Abbildung 8: Schematische Darstellung der Interaktion in eLabs (eigene Darstellung nach Bruder 2012)
Trainer-geführtes Lernen als wirksamste Form des Lehrens und Lernens – nur in Ko-Präsenz?
Sowohl bei den leitenden Verantwortlichen als auch bei Trägern bzw. Aufsichtsgremien von Bildungsinstitutionen wie etwa Hochschulen wird häufig davon ausgegangen, dass Trainer-geführtes Lernen in direkter Interaktion die effektivste und wirksamste Form des Lehrens darstellt. Dies schlägt sich beispielsweise darin nieder, dass die Anzahl der Kontaktstunden ein zentrales Prüfkriterium bei der Zulassung von Programmen der Aus- und Weiterbildung ist. Hier stellt sich die Frage, ob die Potenziale von Trainer-geführtem online-Lernen – insbesondere bei anspruchsvolleren methodisch-didaktischen Umsetzungen – ausreichend bekannt sind und berücksichtigt werden.

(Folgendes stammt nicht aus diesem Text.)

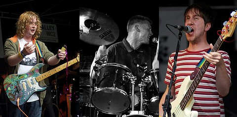 Sunset Cinema Club playing at the Tin Pan Alley Festival in London

Noch ein Hinweis in eigener Sache:
Am 25.10.2017 findet das erste scil Interaktiv-Webinar zum Thema «Neue Organisationsformen für L&D» statt. Im Rahmen dieser dreistündigen Veranstaltung stellen sich drei agile, an Holacracy orientierte Bildungsorganisationen vor. Arbeitsformen sind kurze Impulsreferate, Frage-Antwort-Runden im Plenum und parallele Kleingruppen. Mehr zu dieser Veranstaltung hier. Es können maximal 16 Personen teilnehmen.
Referenzen
Bruder, Arlett (2012): eLabs für den Transfer von Praxisanteilen in die virtuelle Schulung. Vortrag, Learntec 2012.
Meier, Christoph; Schneider, Isabel (2002): Live-Konferenzen im WWW. Nutzungsszenarien, Produkte und Anbieter. Stuttgart: Fraunhofer IRB Verlag.
Entwicklung "digitaler" Kompetenzen bei Post-CH: leitende Fragestellungen (Joël Krapf)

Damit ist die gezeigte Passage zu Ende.